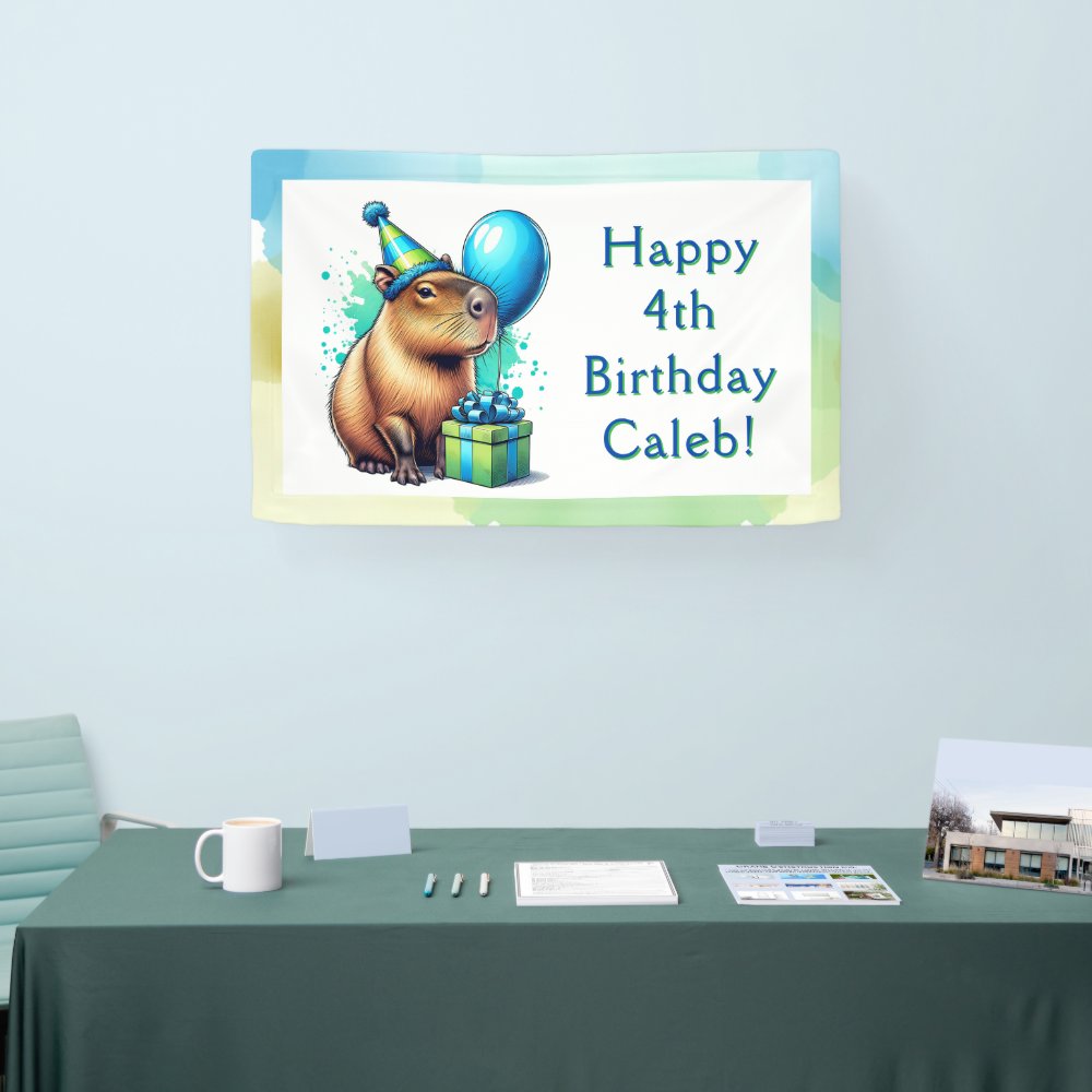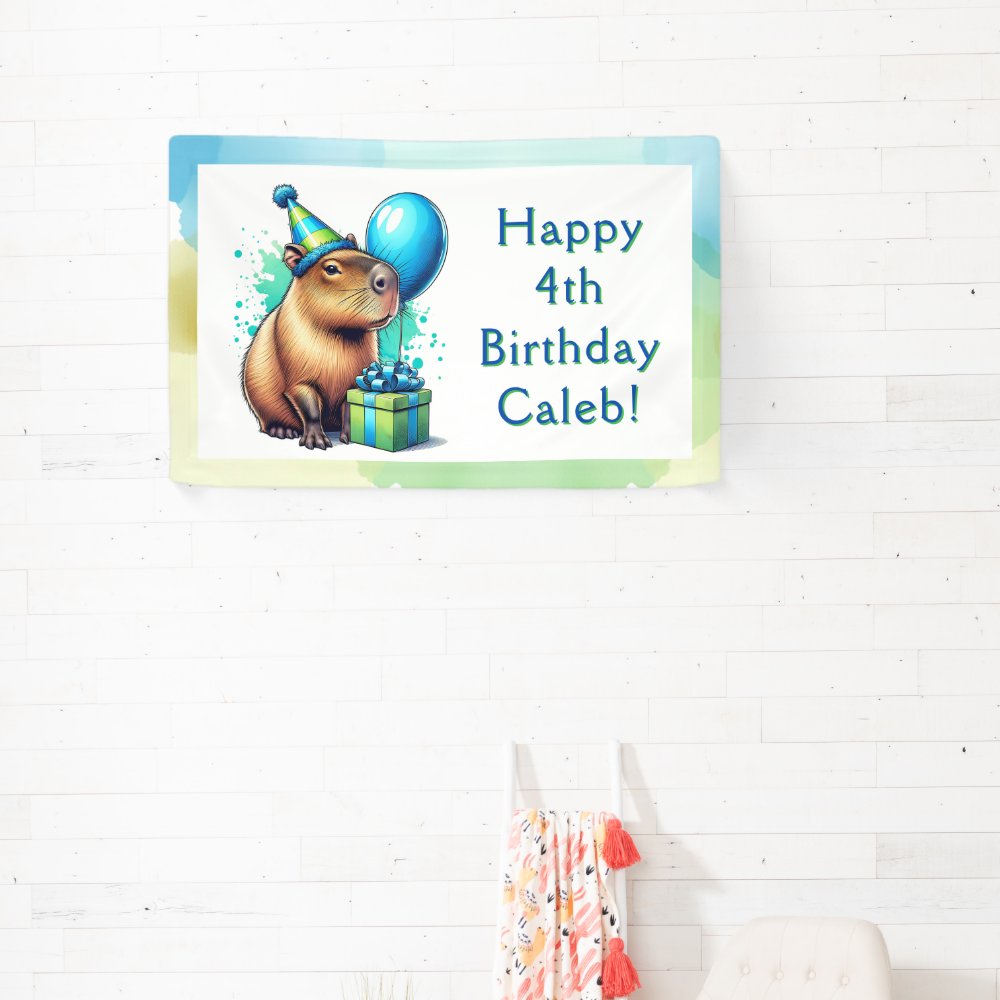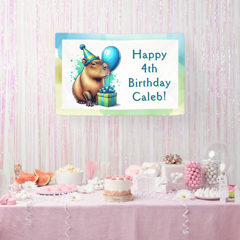 Blue and Green capybara themed boy's Birthday Party personalized banner. A watercolor capybara holding a balloon and birthday gift. Cute for kids of any age!
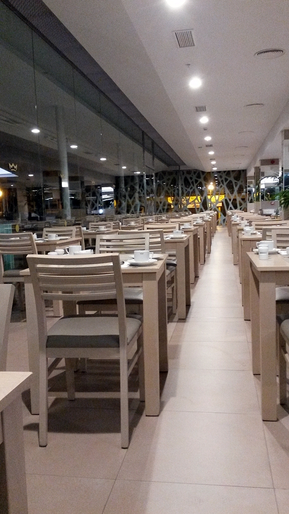 Rückreise – morgens um kurz vor 5 Uhr einen Kaffee trinken im leeren Frühstücksraum (im Hintergrund sieht man die Leuchtreklame der deutschen Bäckerei)
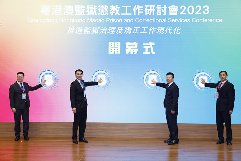澳門懲教管理局程况明局長致辭時表示,「粵港澳監獄懲教工作研討會」為粵港澳三地同業搭建一個恆常的交流及分享監獄管理專業知識和實務經驗的平台,攜手推動三地監獄懲教事務的交流與合作,達到互學互鑒、合作共贏和共同發展的目的。同時,透過體育交流活動不斷增進三地人員的友誼與聯繫。隨著社會和科技的不斷發展,以及經歷了三年疫情,均為監獄懲教工作帶來各種不同的新挑戰,而監獄的安全管理和在囚人的矯正是懲教的兩大核心工作,要做好懲教工作,完善監獄治理體系及提高治理水平,我們必須與時俱進,推進監獄治理及矯正工作現代化,使監獄懲教工作能夠高質量穩步發展。廣東代表團團長林映坤黨委委員、二級巡視員致辭時表示,研討會為三地提供相互學習借鑒與經驗分享的契機,相信通過深入交流和研討,以及分享實踐成果,必將拓展工作視野,共同推動三地監獄懲教工作的持續發展。三地雖然實際情況有所不同,但同樣面臨著監獄懲教工作的新使命,對此,期待三方的與會代表就本屆研討會相關議題進行熱烈的交流和討論,共同為推動監獄懲教工作的發展,貢獻智慧和力量。
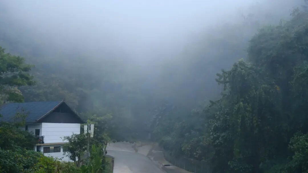 雾从山谷底部升起,像一层薄纱覆盖着热带雨林。望天树的树冠层最先接触到阳光——那是一种温柔的橘红色,从东方天际线缓慢漫开,然后突然之间,一束光穿透了迷雾,直直地刺入雨林深处。
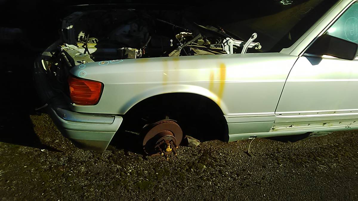> ■ベンツ W126 560SEC クーペ フロントフェンダー 左 中古 A1268811901 部品取あり ドア トランク サッコプレート パネル モール 380 500
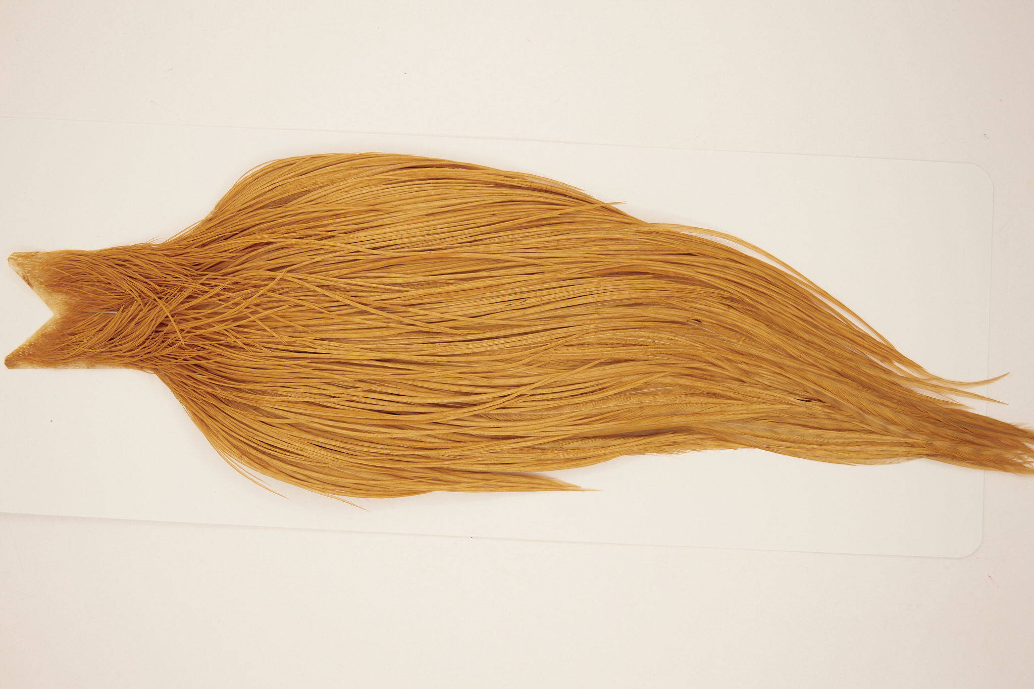 10475 is a JimsFlyCo Grade 1 Rooster Saddle of Ginger color that ties predominately size 10-20. The image shown is an actual photo of this dry fly saddle. This is NEW UNUSED HACKLE.
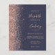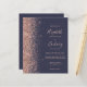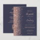 The left-hand edge of this elegant modern wedding invitation features a rose gold faux glitter border. The customisable text combines pale rose gold blush-coloured handwriting, copperplate and italic fonts on a dark blue background. The reverse side provides space for wedding details on a solid dark blue background, along with a QR code guests can scan to visit your website and RSVP, which saves the cost of printing and mailing separate RSVP cards. NOTE: Envelopes are not automatically included with these budget invitations, so please remember to choose the "white envelopes" option!
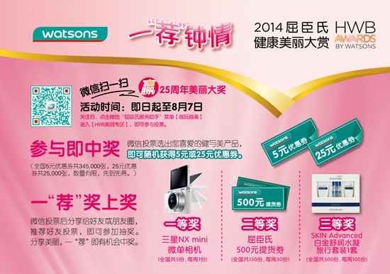年度最重头的美丽大戏当然少不了大家的参与,HWB今年继续发出美丽召集令,与各位爱美之人共同分享美丽秘诀,不管你是个性美人还是清新少女,7月3日至8月7日,关注屈臣氏微信服务号,参加HWB投票吧!个性空降,一“荐”钟情,跟随屈臣氏个性化脚步,见证独家挚爱登上“十大挚爱”舞台,定格专属的2014美丽印记。
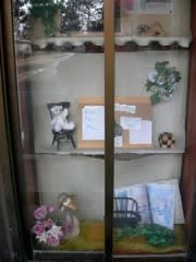 覗くと建物に不似合いな英文とお洒落なイラストが飾ってある
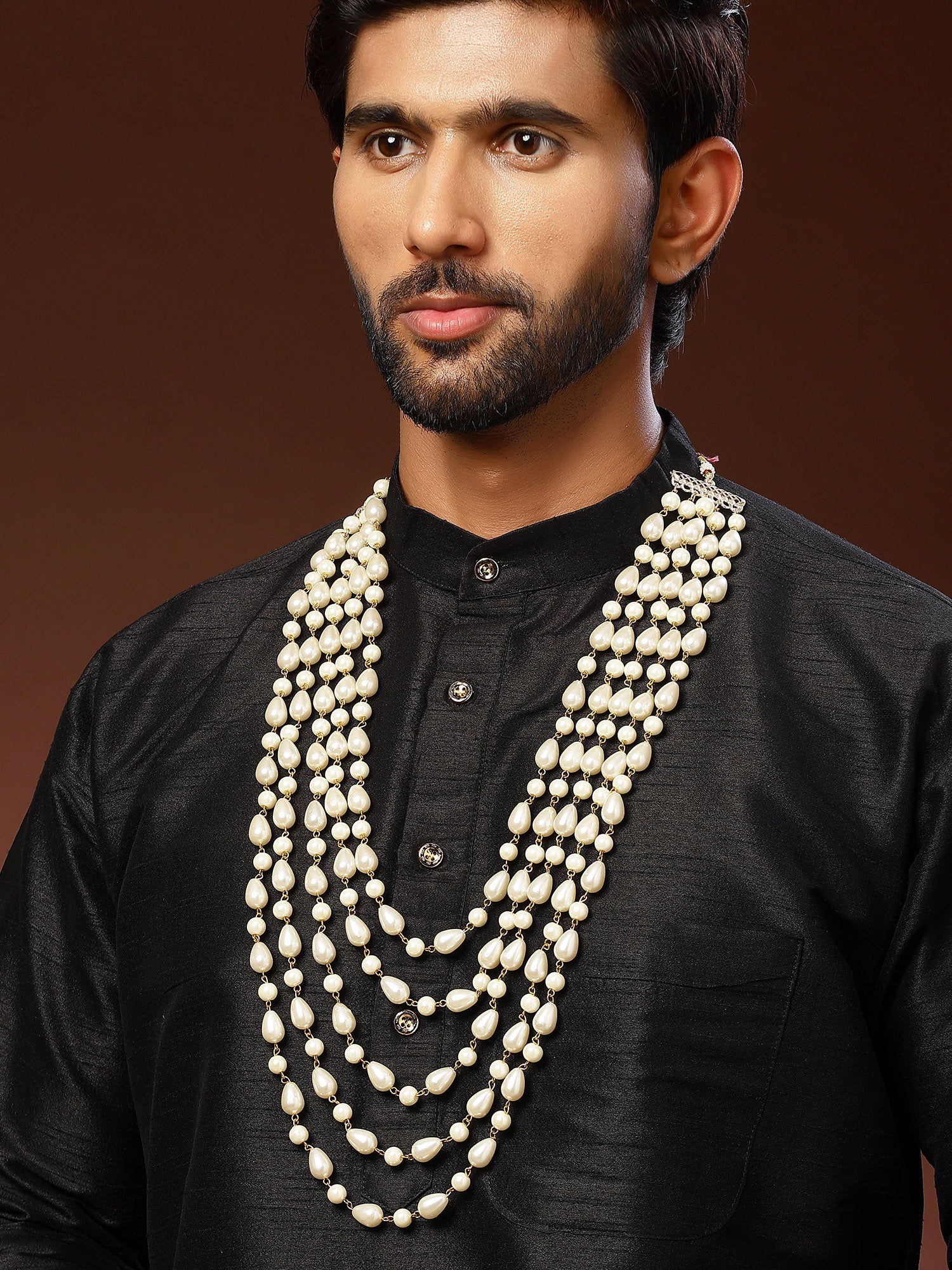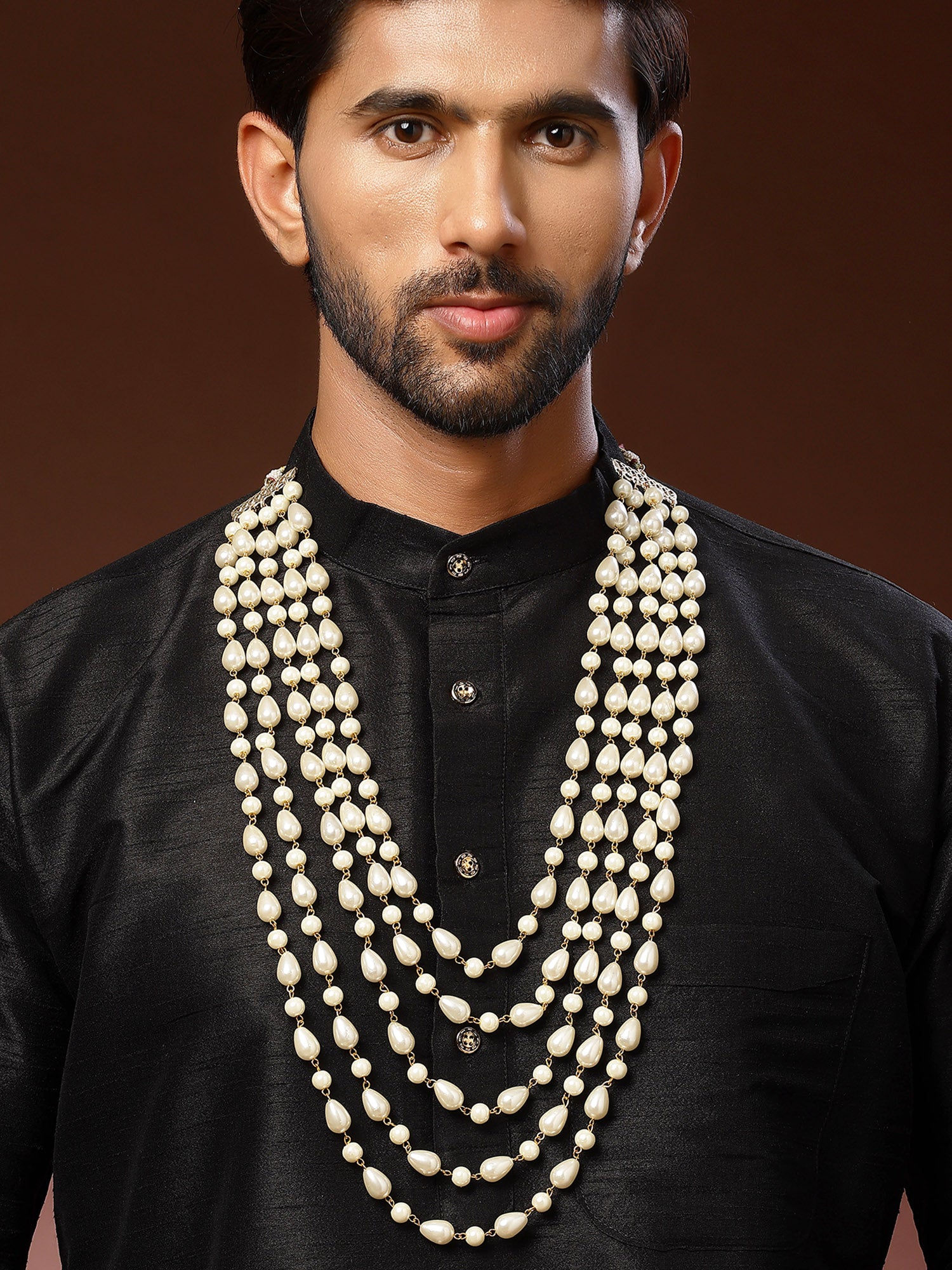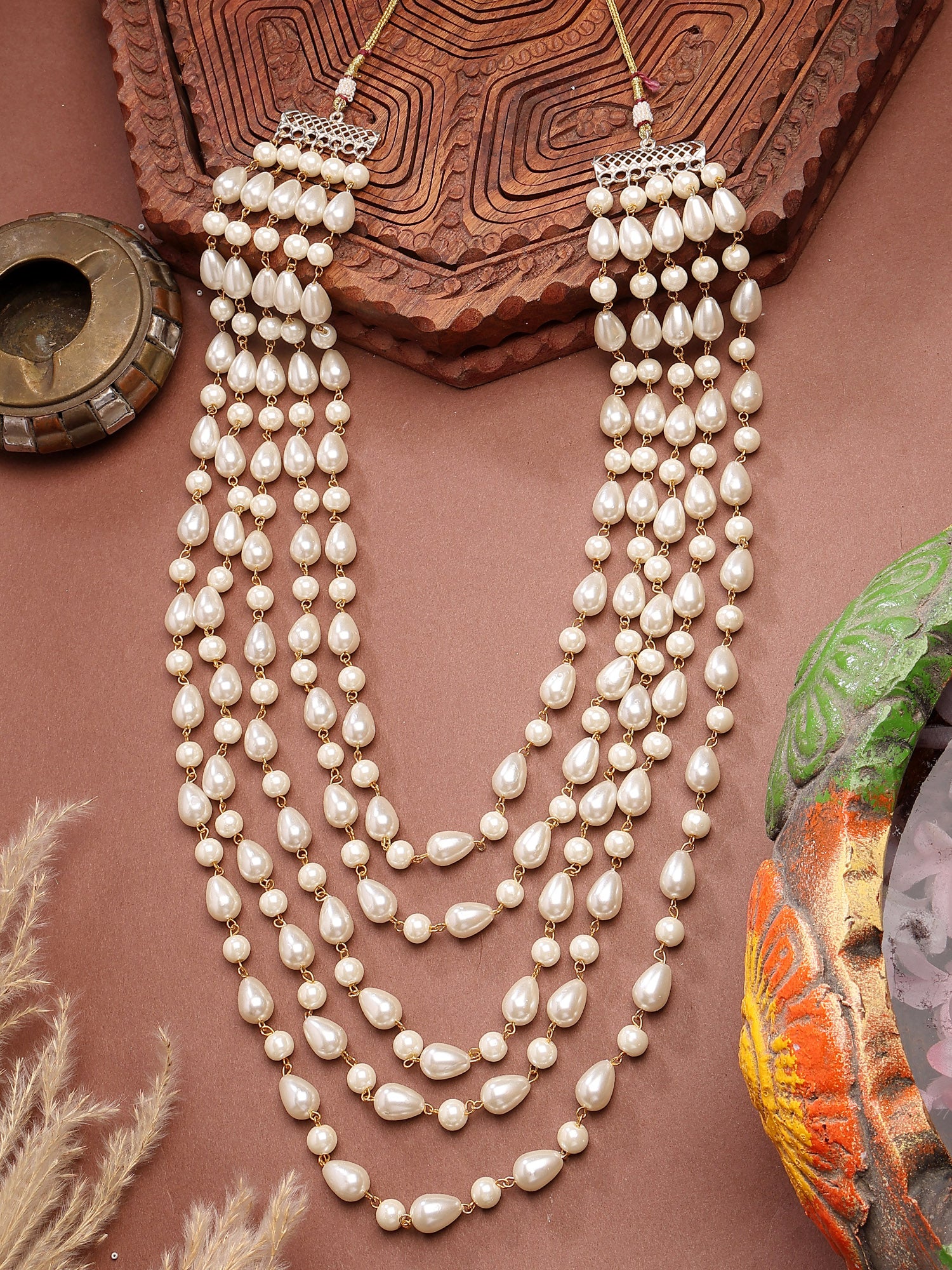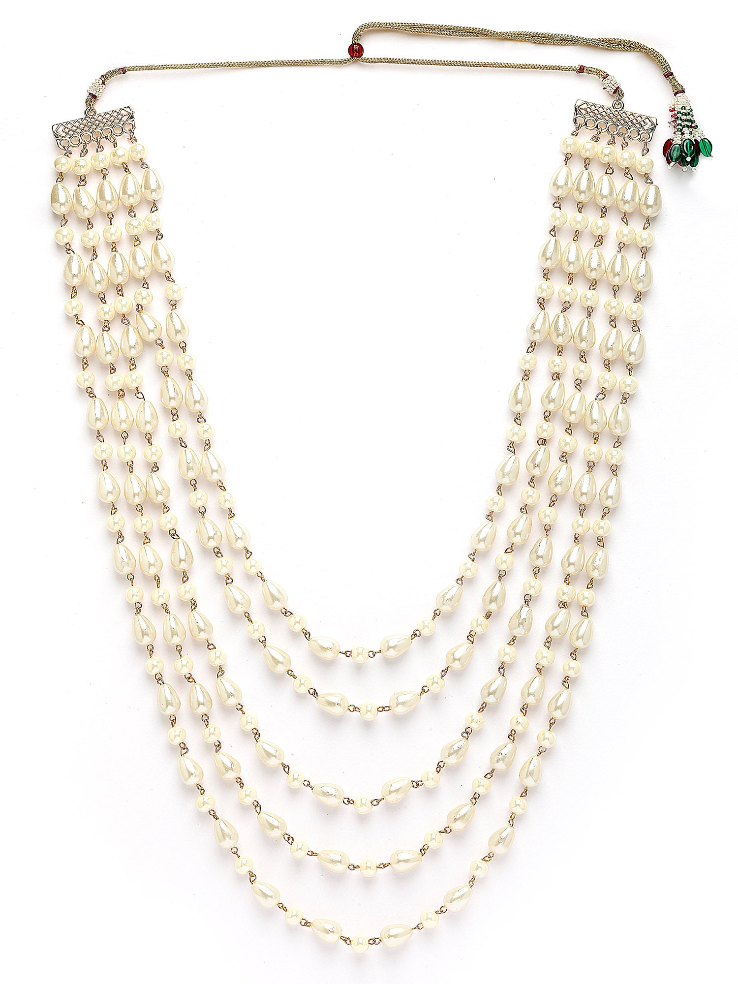 Karatcart Classic Multi Strand Drop White Pearl Maharaja Haar for Men

## [Exercise]
An unaltered copy of the material, without images, should be set down.

## [Task response]
 Blue and Green capybara themed boy's Birthday Party personalized banner. A watercolor capybara holding a balloon and birthday gift. Cute for kids of any age!
 Rückreise – morgens um kurz vor 5 Uhr einen Kaffee trinken im leeren Frühstücksraum (im Hintergrund sieht man die Leuchtreklame der deutschen Bäckerei)
澳門懲教管理局程况明局長致辭時表示,「粵港澳監獄懲教工作研討會」為粵港澳三地同業搭建一個恆常的交流及分享監獄管理專業知識和實務經驗的平台,攜手推動三地監獄懲教事務的交流與合作,達到互學互鑒、合作共贏和共同發展的目的。同時,透過體育交流活動不斷增進三地人員的友誼與聯繫。隨著社會和科技的不斷發展,以及經歷了三年疫情,均為監獄懲教工作帶來各種不同的新挑戰,而監獄的安全管理和在囚人的矯正是懲教的兩大核心工作,要做好懲教工作,完善監獄治理體系及提高治理水平,我們必須與時俱進,推進監獄治理及矯正工作現代化,使監獄懲教工作能夠高質量穩步發展。廣東代表團團長林映坤黨委委員、二級巡視員致辭時表示,研討會為三地提供相互學習借鑒與經驗分享的契機,相信通過深入交流和研討,以及分享實踐成果,必將拓展工作視野,共同推動三地監獄懲教工作的持續發展。三地雖然實際情況有所不同,但同樣面臨著監獄懲教工作的新使命,對此,期待三方的與會代表就本屆研討會相關議題進行熱烈的交流和討論,共同為推動監獄懲教工作的發展,貢獻智慧和力量。
 雾从山谷底部升起,像一层薄纱覆盖着热带雨林。望天树的树冠层最先接触到阳光——那是一种温柔的橘红色,从东方天际线缓慢漫开,然后突然之间,一束光穿透了迷雾,直直地刺入雨林深处。
> ■ベンツ W126 560SEC クーペ フロントフェンダー 左 中古 A1268811901 部品取あり ドア トランク サッコプレート パネル モール 380 500
 10475 is a JimsFlyCo Grade 1 Rooster Saddle of Ginger color that ties predominately size 10-20. The image shown is an actual photo of this dry fly saddle. This is NEW UNUSED HACKLE.
 The left-hand edge of this elegant modern wedding invitation features a rose gold faux glitter border. The customisable text combines pale rose gold blush-coloured handwriting, copperplate and italic fonts on a dark blue background. The reverse side provides space for wedding details on a solid dark blue background, along with a QR code guests can scan to visit your website and RSVP, which saves the cost of printing and mailing separate RSVP cards. NOTE: Envelopes are not automatically included with these budget invitations, so please remember to choose the "white envelopes" option!
年度最重头的美丽大戏当然少不了大家的参与,HWB今年继续发出美丽召集令,与各位爱美之人共同分享美丽秘诀,不管你是个性美人还是清新少女,7月3日至8月7日,关注屈臣氏微信服务号,参加HWB投票吧!个性空降,一“荐”钟情,跟随屈臣氏个性化脚步,见证独家挚爱登上“十大挚爱”舞台,定格专属的2014美丽印记。
 覗くと建物に不似合いな英文とお洒落なイラストが飾ってある
 Karatcart Classic Multi Strand Drop White Pearl Maharaja Haar for Men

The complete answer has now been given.